▸ **WHAT IS EXPECTED**
Repeat exactly the lines of the entries below from the one with "这款正大食品 彩虹早餐饺,面" through the one with "融资方面,当日融资买入787", both ends included, and nothing else.

▸ **INFORMATION GIVEN**
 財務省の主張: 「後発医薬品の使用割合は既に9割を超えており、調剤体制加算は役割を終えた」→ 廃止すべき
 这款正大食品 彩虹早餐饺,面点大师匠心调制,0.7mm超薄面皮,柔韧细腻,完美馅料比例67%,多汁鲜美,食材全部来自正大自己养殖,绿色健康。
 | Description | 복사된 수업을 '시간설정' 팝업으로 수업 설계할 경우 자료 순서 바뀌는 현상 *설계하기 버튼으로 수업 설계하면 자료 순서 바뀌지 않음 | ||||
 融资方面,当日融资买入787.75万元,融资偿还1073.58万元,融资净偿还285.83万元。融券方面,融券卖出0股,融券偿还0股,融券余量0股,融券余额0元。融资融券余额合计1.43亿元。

* * *

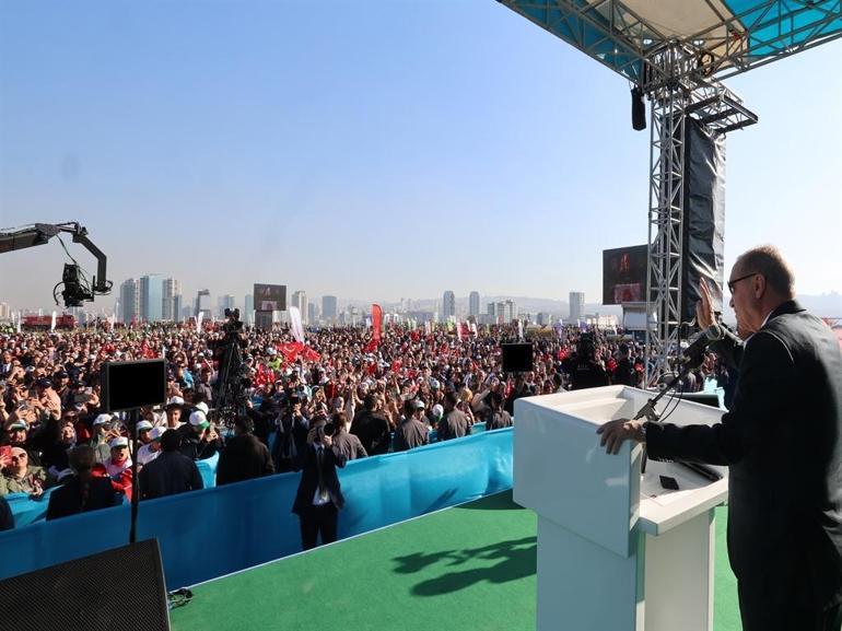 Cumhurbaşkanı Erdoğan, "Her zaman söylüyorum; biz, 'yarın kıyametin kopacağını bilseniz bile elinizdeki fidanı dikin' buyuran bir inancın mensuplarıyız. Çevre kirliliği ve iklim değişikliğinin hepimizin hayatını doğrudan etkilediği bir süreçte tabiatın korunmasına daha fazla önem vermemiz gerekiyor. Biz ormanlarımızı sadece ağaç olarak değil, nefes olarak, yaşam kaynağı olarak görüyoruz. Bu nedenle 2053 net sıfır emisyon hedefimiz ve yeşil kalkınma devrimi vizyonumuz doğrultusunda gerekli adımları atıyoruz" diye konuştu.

...

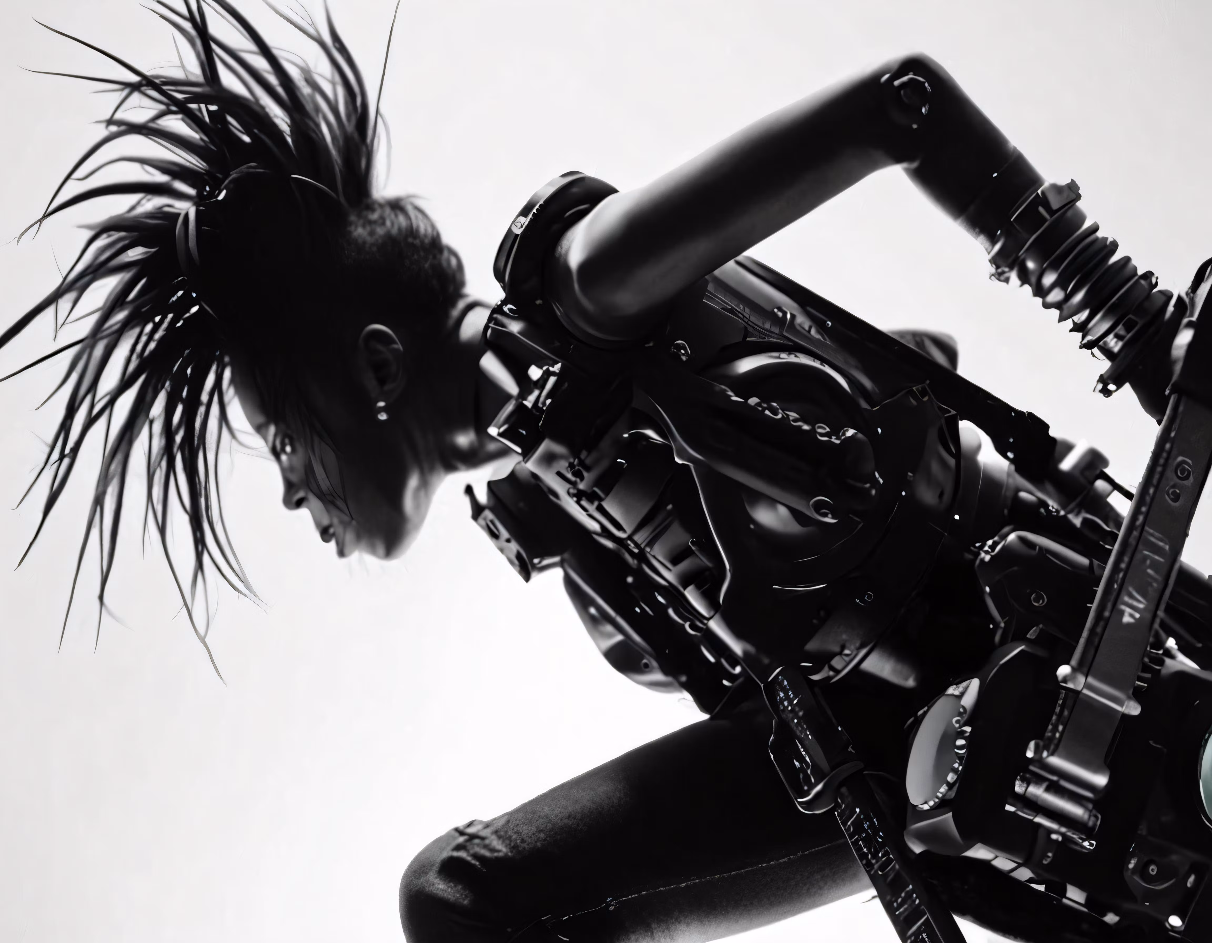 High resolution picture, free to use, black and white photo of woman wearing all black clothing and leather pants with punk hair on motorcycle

▸ **TASK RESPONSE**
 这款正大食品 彩虹早餐饺,面点大师匠心调制,0.7mm超薄面皮,柔韧细腻,完美馅料比例67%,多汁鲜美,食材全部来自正大自己养殖,绿色健康。
 | Description | 복사된 수업을 '시간설정' 팝업으로 수업 설계할 경우 자료 순서 바뀌는 현상 *설계하기 버튼으로 수업 설계하면 자료 순서 바뀌지 않음 | ||||
 融资方面,当日融资买入787.75万元,融资偿还1073.58万元,融资净偿还285.83万元。融券方面,融券卖出0股,融券偿还0股,融券余量0股,融券余额0元。融资融券余额合计1.43亿元。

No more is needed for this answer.